Old Uncle George

What can we even call valuable these days? Not money, that’s for GOT DANG sure. Something far away and winking at us. It doesn’t want us to know it has a glass eye. Trust me, I know what I’m talking about.

Remember the Christmas party back in ’97?

Hysterical.

Gopher Planters

Find a kindred spirit,
fill it up with gopher planters,
Tell your friend that you’ll go strand ‘er,
Nothing much to fear, it.

What’s your motive, buddy?
Got a bindle on your shoulder,
I saw you sleepin’ on that boulder.
Look a little muddy.

I just want to see right here
what gopher planters do to you.
You might develop love for shoes
or burning in the ears.

Well, Yeah XXX

The devil’s in the derailing of that train, the baby crying for closure, the military brat skipping along the sidewalk in Atlanta while his father dodges bullets every day. Yeah, there’s plenty of devil all around us, surrounding our waking lives with the idea that we’re not good enough to do what we really want to do. But then the devil jumps into those who believe in themselves and wish to make a positive impact on this planet. The devil plants his slimy fist into their heart and slices a coin slot right at the top. The devil blinds men to the power of fellowship and turns them onto the scent of dirty green paper. The devil is in the television, in your aunt’s glass eye, in alcohol and energy drinks. The devil doesn’t pick and choose what to inhabit, he just throws himself into anything, willy nilly, until he’s gotten his fill of screwing around with us.

The devil. What an easy excuse.

We’re the devil, and we know it.

Attention Deficit

Why do I want attention? Honestly, I don’t want attention.

My words want attention. I want attention for my words, not my ego. Do I need to develop an overactive, self-indulgent, ridiculously aggressive ego in order to do anything with my life that makes me seem like an important person?

What is importance? There’s no such thing as something being innately more important than anything else. Nature seems to understand this, yet humans decided that they don’t belong to the natural cycle that they step on and choke every day. The soul of a chicken is useless to the soul of a human until that chicken’s energy is converted into food matter and consumed by that human. By that point, the chicken’s soul has already transcended this plane and begun the selection process for another life somewhere in this universe (or perhaps another). That soul will earn an upgrade for its devout service to Earth’s common good.

What’s my problem? I want my words to be read by people, and I want to be able to write these words for my life, undisturbed, peaceful, constantly inventing. That’s what I was brought into this shitty world to do, but I won’t be allowed a comfortable living if I insist on doing it like some sort of maverick poet.
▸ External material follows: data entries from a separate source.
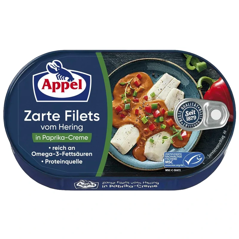 APPEL ZARTE FILETS VOM HERING IN PAPRIKA-CREME - Delikátní jemné filety ze sledě na smetaně s vydatnou paprikou.
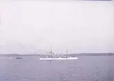 Den här bilden är tagen från Fylgia akerut där en Jagare och andra örlogsfartyg passerar förbi.
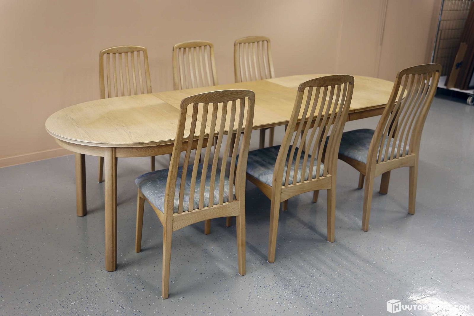Ruokailuryhmä (6 tuolia, jatkettava ruokapöytä). HKL9554, Hausjärvi
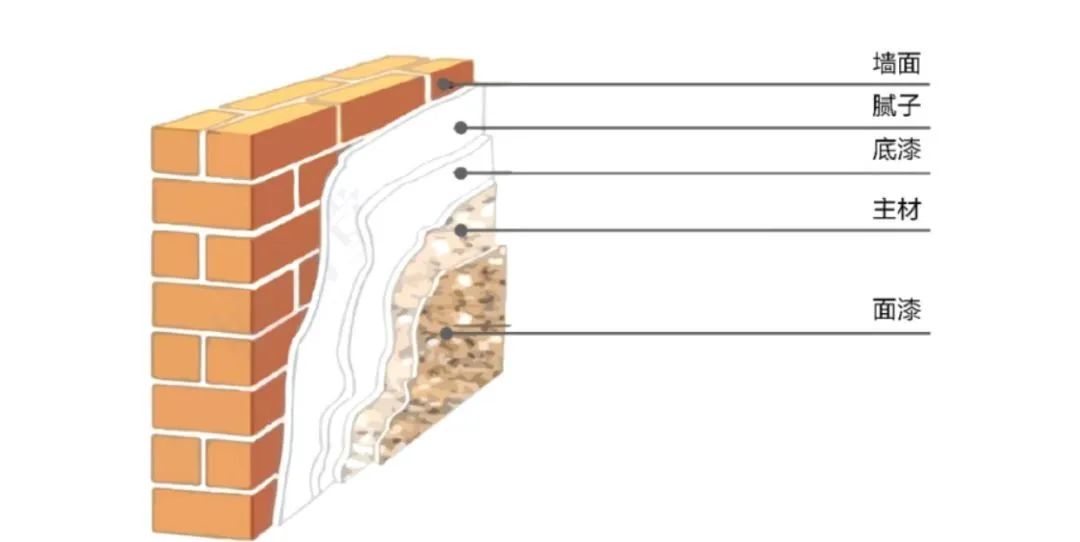①膩?zhàn)樱ɑ嬲移剑沽眩诘灼幔B透性,抗堿性,封閉性)→③主材(裝飾性)→④面漆(自潔功能,耐水,耐臟)。
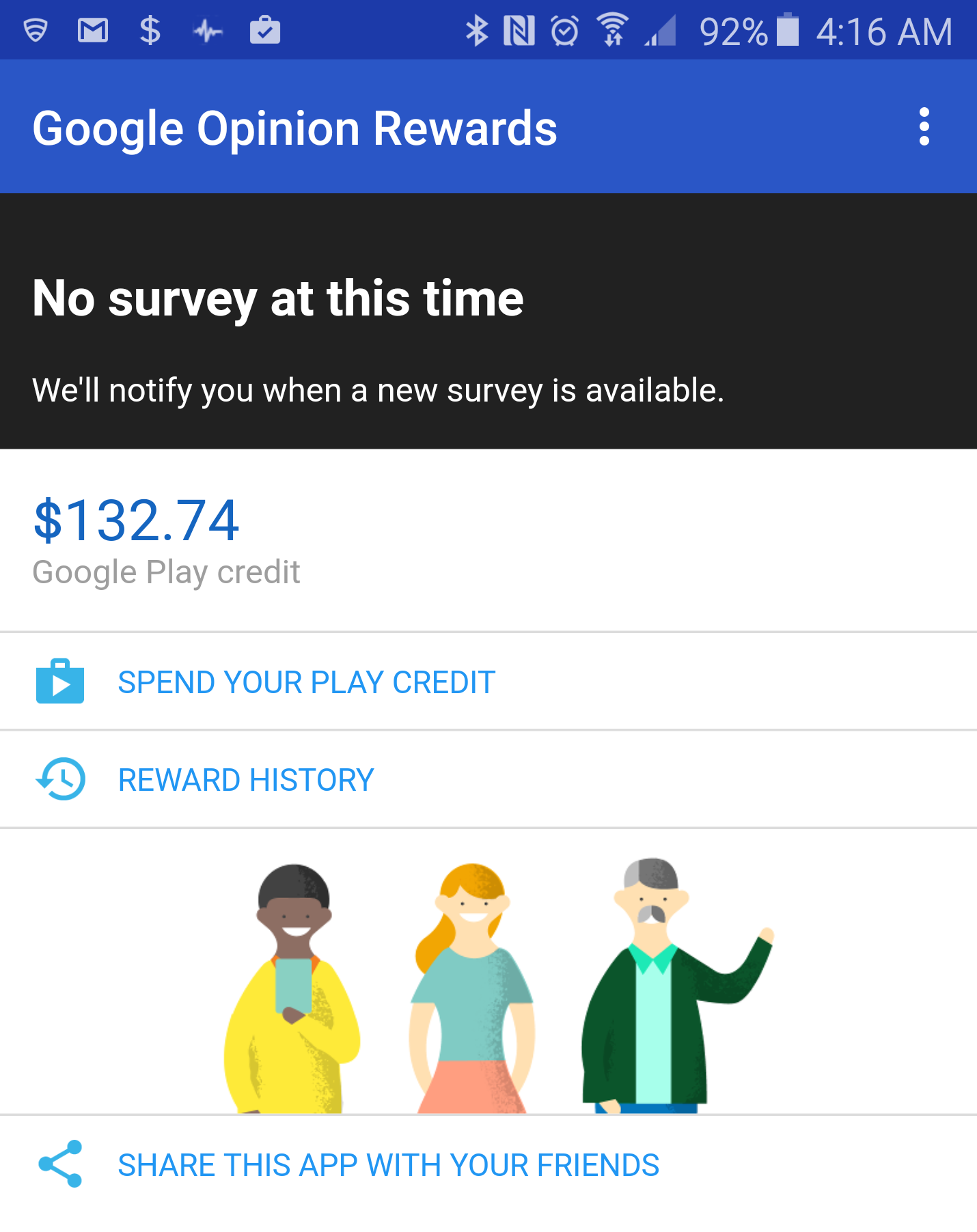 @cengland0 @placidpenguin I found that it really depends on where you live. When I first got the app in atlanta I was being asked questions every 20 minutes and gained $20 or so in that week. Once I went home to Idaho I get maybe a survey or two a week. That includes driving 500-1000 miles a week to different cities and work sites.

How dare I wish to explore the forefront of language to attempt a deeper connection with the cosmos?! I’m a real piece of work.

Well, Yeah XXIX

Seven grimy little speculatives prindle across my gallery floor, after I specifically told them to wipe their feet upon engaging in heavy humiliation for the sake of their beloved ancestors. I’m a liberal sort of person, but only so many things can run across my field of vision before my temples begin thumping and causing me a severe headache. The blurry vision and stammering retinas are not good for my prolonged curatory career, and I poured my heart into this endeavor. It’s a real shame when speculatives can’t obey my commands or even accommodate a quick gesture, and it has become clear to me that I must plow forward in this project by myself, leaving behind those little goobers for a sweeter reward. It’s on the horizon, blurry (due to my migraine or near-sightedness, I’m not sure) and promising colors galore, subdivided into hues unimaginable to folks behind me. I’ll get there first and gloat for seven seconds as my competitors reach my apex, only to find that I’ve laid a booby trap for them. As they tumble into this pit of despair (and crocodiles), I’ll be watching their descent and waving, hoping they’ll have the wherewithal to look up and regret their lemming impersonations.

Chronicles of I – #6

For I told my butcher: “I want gravy with that”. Now and forever, I shall always demand gravy on the side, never on top. I could care less whether or not my butcher has this gravy readymade for me at any given moment, as I pay the premium prices to keep him in business. The least he can do is simmer a pot in the back for my saucy pleasure. I will give him six business days to amend his practices, after which I shall seek new routes for obtaining my prepared meats and gravies.

Chronicles of I – #4

I haven’t folded any siblings at the present moment, though I’m confident to say that my upcoming moments will involve exponential growth in that arena. I’ve stumbled upon a great new widget for bending my brothers and sisters to my will, and I’m certain that, with a little practice, I can effectively coerce them into doing my bidding (at least 96% of the time). There are always going to be a few kinks in the system, but my reign as tyrannical overlord is bound to get its feet off the ground within the next calendar month. You can count on that, you cynical renegades, you.